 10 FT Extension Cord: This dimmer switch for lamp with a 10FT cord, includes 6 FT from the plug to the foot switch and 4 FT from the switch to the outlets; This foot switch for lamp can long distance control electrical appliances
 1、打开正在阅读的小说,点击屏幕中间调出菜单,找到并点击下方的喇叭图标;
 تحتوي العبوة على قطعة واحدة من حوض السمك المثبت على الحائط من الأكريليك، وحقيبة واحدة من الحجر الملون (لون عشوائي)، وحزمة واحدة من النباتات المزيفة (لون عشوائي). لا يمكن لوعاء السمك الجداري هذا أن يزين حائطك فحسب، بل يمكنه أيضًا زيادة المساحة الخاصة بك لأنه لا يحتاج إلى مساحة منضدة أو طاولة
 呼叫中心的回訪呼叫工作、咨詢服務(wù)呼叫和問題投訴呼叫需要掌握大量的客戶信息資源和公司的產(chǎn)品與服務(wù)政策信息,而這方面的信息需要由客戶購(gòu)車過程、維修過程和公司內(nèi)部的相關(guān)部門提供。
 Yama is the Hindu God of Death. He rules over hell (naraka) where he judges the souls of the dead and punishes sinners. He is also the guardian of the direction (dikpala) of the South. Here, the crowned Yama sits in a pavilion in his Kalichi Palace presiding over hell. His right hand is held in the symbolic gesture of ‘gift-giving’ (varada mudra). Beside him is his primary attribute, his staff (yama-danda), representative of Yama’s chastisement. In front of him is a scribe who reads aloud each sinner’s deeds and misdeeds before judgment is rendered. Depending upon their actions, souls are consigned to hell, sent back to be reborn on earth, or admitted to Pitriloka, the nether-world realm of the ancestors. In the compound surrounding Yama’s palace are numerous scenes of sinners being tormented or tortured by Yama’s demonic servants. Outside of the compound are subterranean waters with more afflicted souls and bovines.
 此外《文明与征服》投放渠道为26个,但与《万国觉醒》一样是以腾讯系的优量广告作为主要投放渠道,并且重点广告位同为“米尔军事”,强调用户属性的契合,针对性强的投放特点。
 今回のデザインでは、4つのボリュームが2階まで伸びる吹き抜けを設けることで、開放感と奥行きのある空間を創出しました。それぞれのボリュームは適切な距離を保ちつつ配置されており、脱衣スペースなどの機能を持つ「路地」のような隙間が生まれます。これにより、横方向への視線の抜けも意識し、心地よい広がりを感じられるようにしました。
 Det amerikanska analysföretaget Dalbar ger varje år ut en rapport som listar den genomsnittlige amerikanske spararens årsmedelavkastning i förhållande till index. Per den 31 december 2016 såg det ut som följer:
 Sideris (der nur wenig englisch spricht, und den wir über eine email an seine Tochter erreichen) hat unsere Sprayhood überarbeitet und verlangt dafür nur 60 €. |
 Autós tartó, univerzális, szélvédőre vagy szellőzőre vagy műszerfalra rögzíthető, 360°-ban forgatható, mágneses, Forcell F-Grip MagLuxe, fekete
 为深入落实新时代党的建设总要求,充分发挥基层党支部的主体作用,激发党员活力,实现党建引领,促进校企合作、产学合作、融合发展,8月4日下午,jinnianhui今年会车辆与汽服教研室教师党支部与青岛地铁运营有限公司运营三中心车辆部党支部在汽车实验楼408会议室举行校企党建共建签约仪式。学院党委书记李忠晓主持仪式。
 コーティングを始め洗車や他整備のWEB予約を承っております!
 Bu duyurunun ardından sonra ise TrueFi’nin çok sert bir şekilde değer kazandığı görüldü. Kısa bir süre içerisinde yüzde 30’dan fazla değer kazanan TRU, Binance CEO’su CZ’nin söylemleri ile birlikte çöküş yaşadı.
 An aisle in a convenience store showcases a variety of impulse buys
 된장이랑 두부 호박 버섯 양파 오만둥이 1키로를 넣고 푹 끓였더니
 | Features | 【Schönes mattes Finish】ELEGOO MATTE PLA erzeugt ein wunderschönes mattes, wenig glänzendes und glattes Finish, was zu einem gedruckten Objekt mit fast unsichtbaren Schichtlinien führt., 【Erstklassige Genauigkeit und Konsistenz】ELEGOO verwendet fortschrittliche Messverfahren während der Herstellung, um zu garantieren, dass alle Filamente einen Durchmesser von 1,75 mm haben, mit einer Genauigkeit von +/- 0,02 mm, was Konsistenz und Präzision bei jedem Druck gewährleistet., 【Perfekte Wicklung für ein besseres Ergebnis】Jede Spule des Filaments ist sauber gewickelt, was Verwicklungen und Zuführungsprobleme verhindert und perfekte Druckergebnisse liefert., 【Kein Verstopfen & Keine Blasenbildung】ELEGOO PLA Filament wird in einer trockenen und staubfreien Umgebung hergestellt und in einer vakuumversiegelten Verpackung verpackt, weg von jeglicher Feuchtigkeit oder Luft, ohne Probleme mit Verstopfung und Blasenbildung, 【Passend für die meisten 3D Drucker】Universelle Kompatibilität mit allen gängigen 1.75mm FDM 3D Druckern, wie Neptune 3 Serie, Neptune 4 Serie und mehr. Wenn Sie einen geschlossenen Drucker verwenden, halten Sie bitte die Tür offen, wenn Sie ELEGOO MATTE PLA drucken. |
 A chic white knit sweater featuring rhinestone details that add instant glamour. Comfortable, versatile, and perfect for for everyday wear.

○ ○ ○

What you return must be the entries, given again word for word.

 10 FT Extension Cord: This dimmer switch for lamp with a 10FT cord, includes 6 FT from the plug to the foot switch and 4 FT from the switch to the outlets; This foot switch for lamp can long distance control electrical appliances
 1、打开正在阅读的小说,点击屏幕中间调出菜单,找到并点击下方的喇叭图标;
 تحتوي العبوة على قطعة واحدة من حوض السمك المثبت على الحائط من الأكريليك، وحقيبة واحدة من الحجر الملون (لون عشوائي)، وحزمة واحدة من النباتات المزيفة (لون عشوائي). لا يمكن لوعاء السمك الجداري هذا أن يزين حائطك فحسب، بل يمكنه أيضًا زيادة المساحة الخاصة بك لأنه لا يحتاج إلى مساحة منضدة أو طاولة
 呼叫中心的回訪呼叫工作、咨詢服務(wù)呼叫和問題投訴呼叫需要掌握大量的客戶信息資源和公司的產(chǎn)品與服務(wù)政策信息,而這方面的信息需要由客戶購(gòu)車過程、維修過程和公司內(nèi)部的相關(guān)部門提供。
 Yama is the Hindu God of Death. He rules over hell (naraka) where he judges the souls of the dead and punishes sinners. He is also the guardian of the direction (dikpala) of the South. Here, the crowned Yama sits in a pavilion in his Kalichi Palace presiding over hell. His right hand is held in the symbolic gesture of ‘gift-giving’ (varada mudra). Beside him is his primary attribute, his staff (yama-danda), representative of Yama’s chastisement. In front of him is a scribe who reads aloud each sinner’s deeds and misdeeds before judgment is rendered. Depending upon their actions, souls are consigned to hell, sent back to be reborn on earth, or admitted to Pitriloka, the nether-world realm of the ancestors. In the compound surrounding Yama’s palace are numerous scenes of sinners being tormented or tortured by Yama’s demonic servants. Outside of the compound are subterranean waters with more afflicted souls and bovines.
 此外《文明与征服》投放渠道为26个,但与《万国觉醒》一样是以腾讯系的优量广告作为主要投放渠道,并且重点广告位同为“米尔军事”,强调用户属性的契合,针对性强的投放特点。
 今回のデザインでは、4つのボリュームが2階まで伸びる吹き抜けを設けることで、開放感と奥行きのある空間を創出しました。それぞれのボリュームは適切な距離を保ちつつ配置されており、脱衣スペースなどの機能を持つ「路地」のような隙間が生まれます。これにより、横方向への視線の抜けも意識し、心地よい広がりを感じられるようにしました。
 Det amerikanska analysföretaget Dalbar ger varje år ut en rapport som listar den genomsnittlige amerikanske spararens årsmedelavkastning i förhållande till index. Per den 31 december 2016 såg det ut som följer:
 Sideris (der nur wenig englisch spricht, und den wir über eine email an seine Tochter erreichen) hat unsere Sprayhood überarbeitet und verlangt dafür nur 60 €. |
 Autós tartó, univerzális, szélvédőre vagy szellőzőre vagy műszerfalra rögzíthető, 360°-ban forgatható, mágneses, Forcell F-Grip MagLuxe, fekete
 为深入落实新时代党的建设总要求,充分发挥基层党支部的主体作用,激发党员活力,实现党建引领,促进校企合作、产学合作、融合发展,8月4日下午,jinnianhui今年会车辆与汽服教研室教师党支部与青岛地铁运营有限公司运营三中心车辆部党支部在汽车实验楼408会议室举行校企党建共建签约仪式。学院党委书记李忠晓主持仪式。
 コーティングを始め洗車や他整備のWEB予約を承っております!
 Bu duyurunun ardından sonra ise TrueFi’nin çok sert bir şekilde değer kazandığı görüldü. Kısa bir süre içerisinde yüzde 30’dan fazla değer kazanan TRU, Binance CEO’su CZ’nin söylemleri ile birlikte çöküş yaşadı.
 An aisle in a convenience store showcases a variety of impulse buys
 된장이랑 두부 호박 버섯 양파 오만둥이 1키로를 넣고 푹 끓였더니
 | Features | 【Schönes mattes Finish】ELEGOO MATTE PLA erzeugt ein wunderschönes mattes, wenig glänzendes und glattes Finish, was zu einem gedruckten Objekt mit fast unsichtbaren Schichtlinien führt., 【Erstklassige Genauigkeit und Konsistenz】ELEGOO verwendet fortschrittliche Messverfahren während der Herstellung, um zu garantieren, dass alle Filamente einen Durchmesser von 1,75 mm haben, mit einer Genauigkeit von +/- 0,02 mm, was Konsistenz und Präzision bei jedem Druck gewährleistet., 【Perfekte Wicklung für ein besseres Ergebnis】Jede Spule des Filaments ist sauber gewickelt, was Verwicklungen und Zuführungsprobleme verhindert und perfekte Druckergebnisse liefert., 【Kein Verstopfen & Keine Blasenbildung】ELEGOO PLA Filament wird in einer trockenen und staubfreien Umgebung hergestellt und in einer vakuumversiegelten Verpackung verpackt, weg von jeglicher Feuchtigkeit oder Luft, ohne Probleme mit Verstopfung und Blasenbildung, 【Passend für die meisten 3D Drucker】Universelle Kompatibilität mit allen gängigen 1.75mm FDM 3D Druckern, wie Neptune 3 Serie, Neptune 4 Serie und mehr. Wenn Sie einen geschlossenen Drucker verwenden, halten Sie bitte die Tür offen, wenn Sie ELEGOO MATTE PLA drucken. |
 A chic white knit sweater featuring rhinestone details that add instant glamour. Comfortable, versatile, and perfect for for everyday wear.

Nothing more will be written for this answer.